## [Task instructions]
What you return should be the lines from the one with "T-Dash 50's Coupe" through the one with "公交车虽已停运,但密集的公交" in the data below, reproduced exactly with both ends, and no pictures at all.

## [Input records]
====================

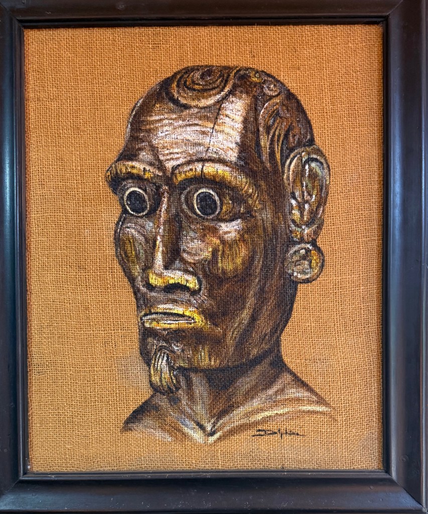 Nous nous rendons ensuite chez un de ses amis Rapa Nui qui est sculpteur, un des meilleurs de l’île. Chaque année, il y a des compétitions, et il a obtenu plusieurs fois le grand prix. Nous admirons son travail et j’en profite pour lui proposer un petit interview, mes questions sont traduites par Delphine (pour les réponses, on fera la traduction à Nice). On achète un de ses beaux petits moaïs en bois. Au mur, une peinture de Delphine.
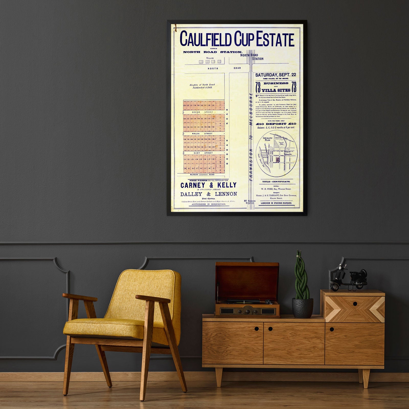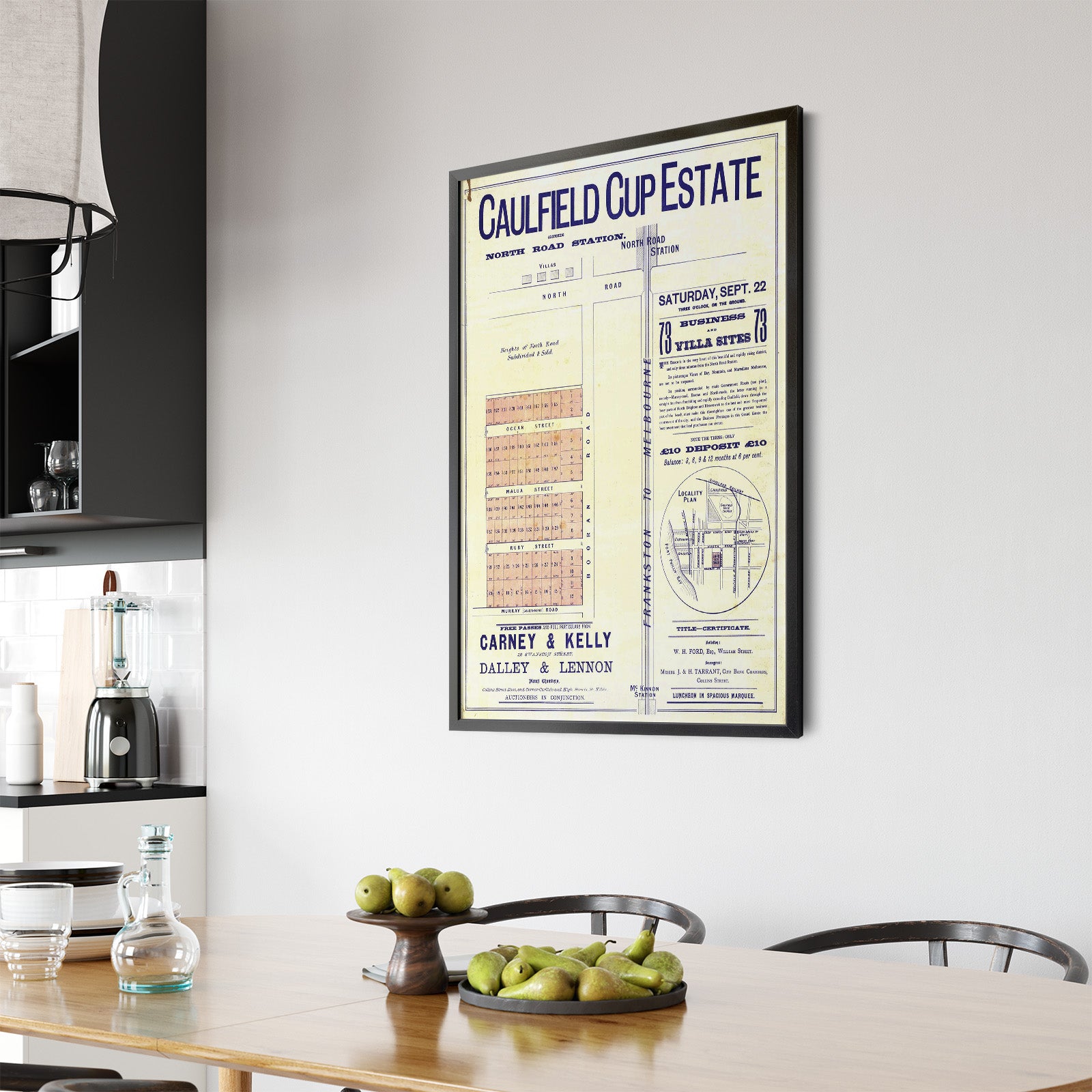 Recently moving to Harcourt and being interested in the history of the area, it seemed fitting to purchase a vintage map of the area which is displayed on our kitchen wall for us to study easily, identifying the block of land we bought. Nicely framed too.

====================

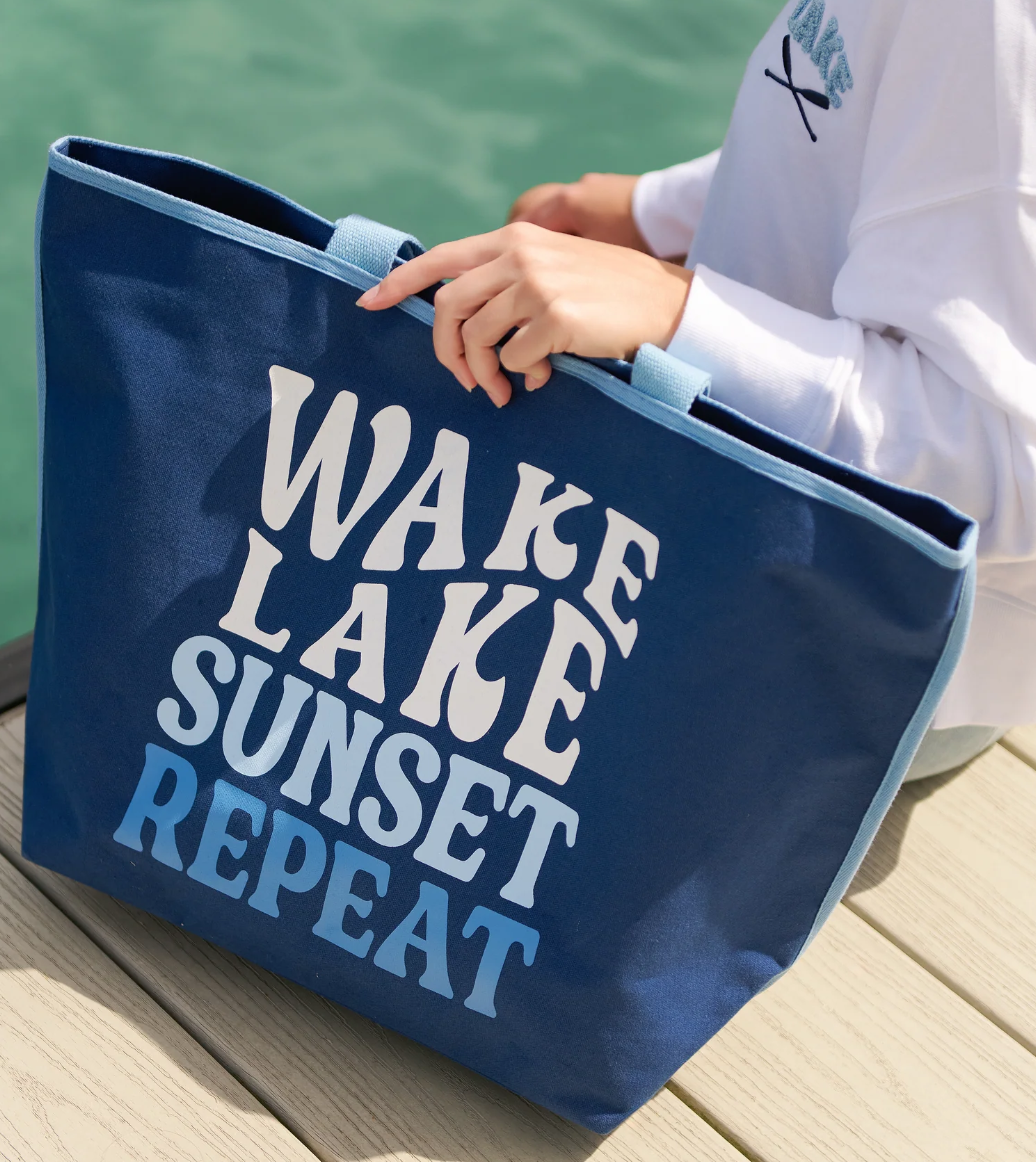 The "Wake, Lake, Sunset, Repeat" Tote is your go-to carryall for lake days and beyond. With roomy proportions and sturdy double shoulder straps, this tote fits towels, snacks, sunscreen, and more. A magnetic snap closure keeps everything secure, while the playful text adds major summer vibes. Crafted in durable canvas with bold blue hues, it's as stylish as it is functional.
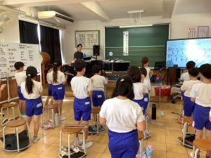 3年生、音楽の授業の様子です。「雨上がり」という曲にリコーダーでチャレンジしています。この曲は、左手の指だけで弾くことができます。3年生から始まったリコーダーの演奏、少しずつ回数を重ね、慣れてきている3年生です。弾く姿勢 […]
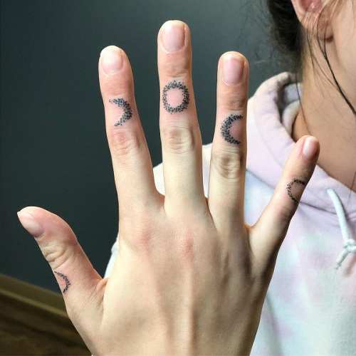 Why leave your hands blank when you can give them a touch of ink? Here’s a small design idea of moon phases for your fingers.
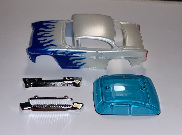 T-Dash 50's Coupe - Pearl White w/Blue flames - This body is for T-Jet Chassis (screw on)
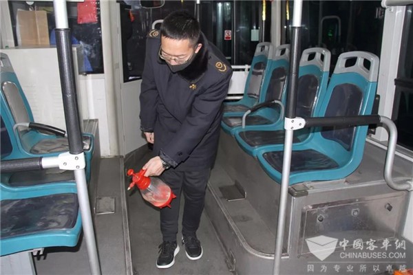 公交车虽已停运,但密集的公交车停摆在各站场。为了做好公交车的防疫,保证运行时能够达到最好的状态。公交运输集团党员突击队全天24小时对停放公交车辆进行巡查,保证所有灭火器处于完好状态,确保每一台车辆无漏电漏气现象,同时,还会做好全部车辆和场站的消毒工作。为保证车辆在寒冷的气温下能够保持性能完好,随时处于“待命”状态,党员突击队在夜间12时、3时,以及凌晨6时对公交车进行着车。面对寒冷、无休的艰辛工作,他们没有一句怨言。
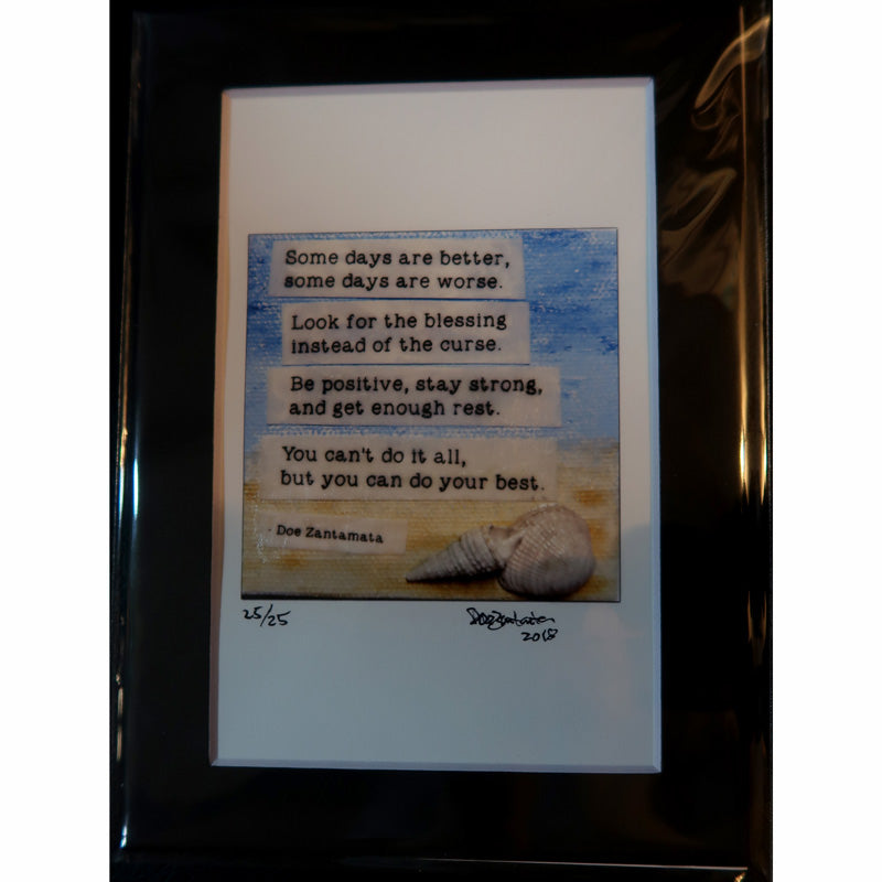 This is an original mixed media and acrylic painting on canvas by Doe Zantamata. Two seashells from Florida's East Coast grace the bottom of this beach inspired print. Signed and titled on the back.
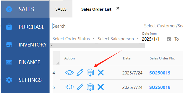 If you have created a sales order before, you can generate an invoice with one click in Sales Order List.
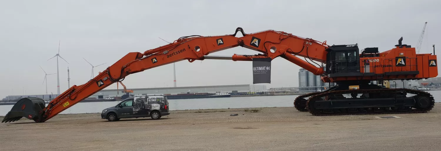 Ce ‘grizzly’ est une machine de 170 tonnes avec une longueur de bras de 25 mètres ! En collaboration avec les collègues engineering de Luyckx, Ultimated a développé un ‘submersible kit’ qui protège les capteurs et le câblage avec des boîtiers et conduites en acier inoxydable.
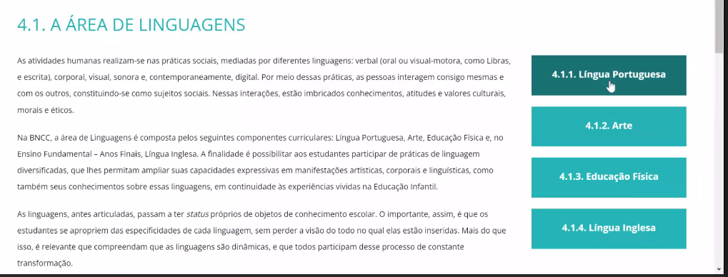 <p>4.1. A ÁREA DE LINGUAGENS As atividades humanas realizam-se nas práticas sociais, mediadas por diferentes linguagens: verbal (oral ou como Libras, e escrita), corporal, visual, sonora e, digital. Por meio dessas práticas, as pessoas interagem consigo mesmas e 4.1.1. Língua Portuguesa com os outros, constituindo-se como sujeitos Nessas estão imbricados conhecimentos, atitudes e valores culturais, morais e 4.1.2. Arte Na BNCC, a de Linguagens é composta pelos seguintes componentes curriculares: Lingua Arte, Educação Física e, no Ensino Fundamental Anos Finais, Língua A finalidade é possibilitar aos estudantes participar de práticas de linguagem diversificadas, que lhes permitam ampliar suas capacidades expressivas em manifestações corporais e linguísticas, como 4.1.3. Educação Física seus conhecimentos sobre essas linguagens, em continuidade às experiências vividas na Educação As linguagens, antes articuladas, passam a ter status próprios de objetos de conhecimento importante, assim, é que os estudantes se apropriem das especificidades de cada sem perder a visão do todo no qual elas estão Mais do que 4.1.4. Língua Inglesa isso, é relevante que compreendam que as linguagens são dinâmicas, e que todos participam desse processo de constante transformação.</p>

====================

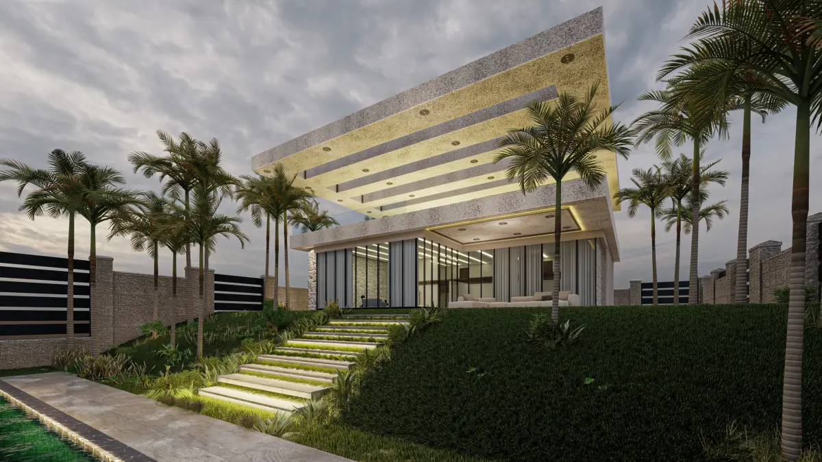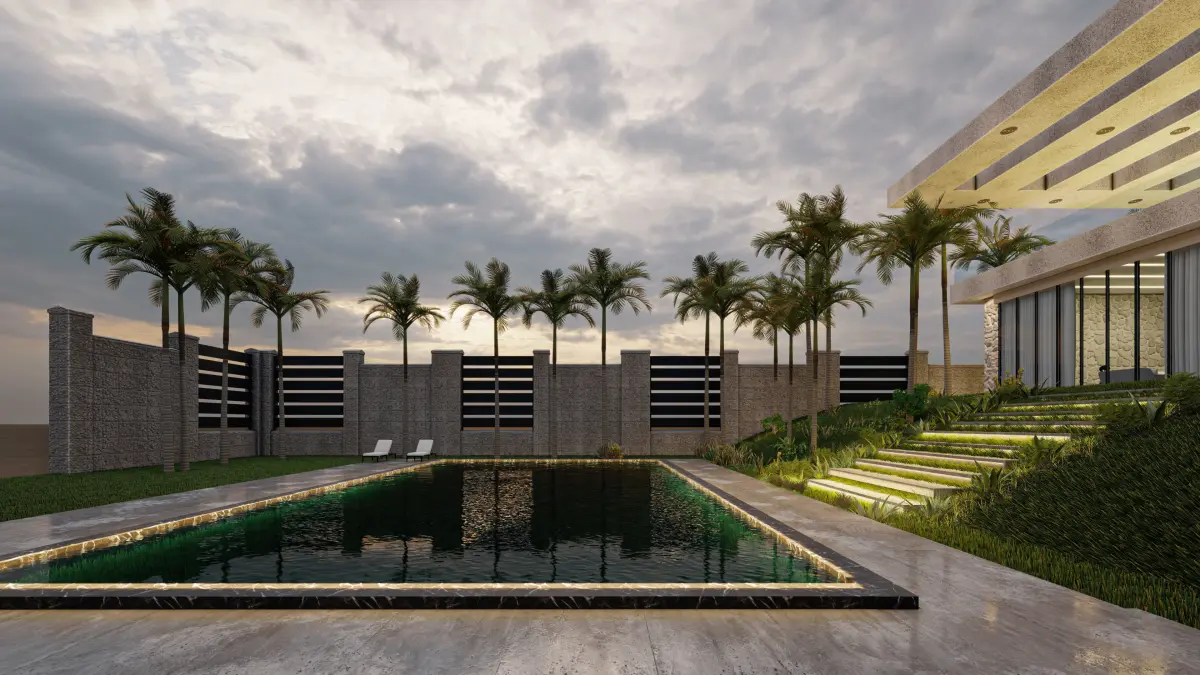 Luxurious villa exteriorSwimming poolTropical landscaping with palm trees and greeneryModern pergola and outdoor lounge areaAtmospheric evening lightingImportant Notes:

====================

## [Answer to this problem]
 T-Dash 50's Coupe - Pearl White w/Blue flames - This body is for T-Jet Chassis (screw on)
 公交车虽已停运,但密集的公交车停摆在各站场。为了做好公交车的防疫,保证运行时能够达到最好的状态。公交运输集团党员突击队全天24小时对停放公交车辆进行巡查,保证所有灭火器处于完好状态,确保每一台车辆无漏电漏气现象,同时,还会做好全部车辆和场站的消毒工作。为保证车辆在寒冷的气温下能够保持性能完好,随时处于“待命”状态,党员突击队在夜间12时、3时,以及凌晨6时对公交车进行着车。面对寒冷、无休的艰辛工作,他们没有一句怨言。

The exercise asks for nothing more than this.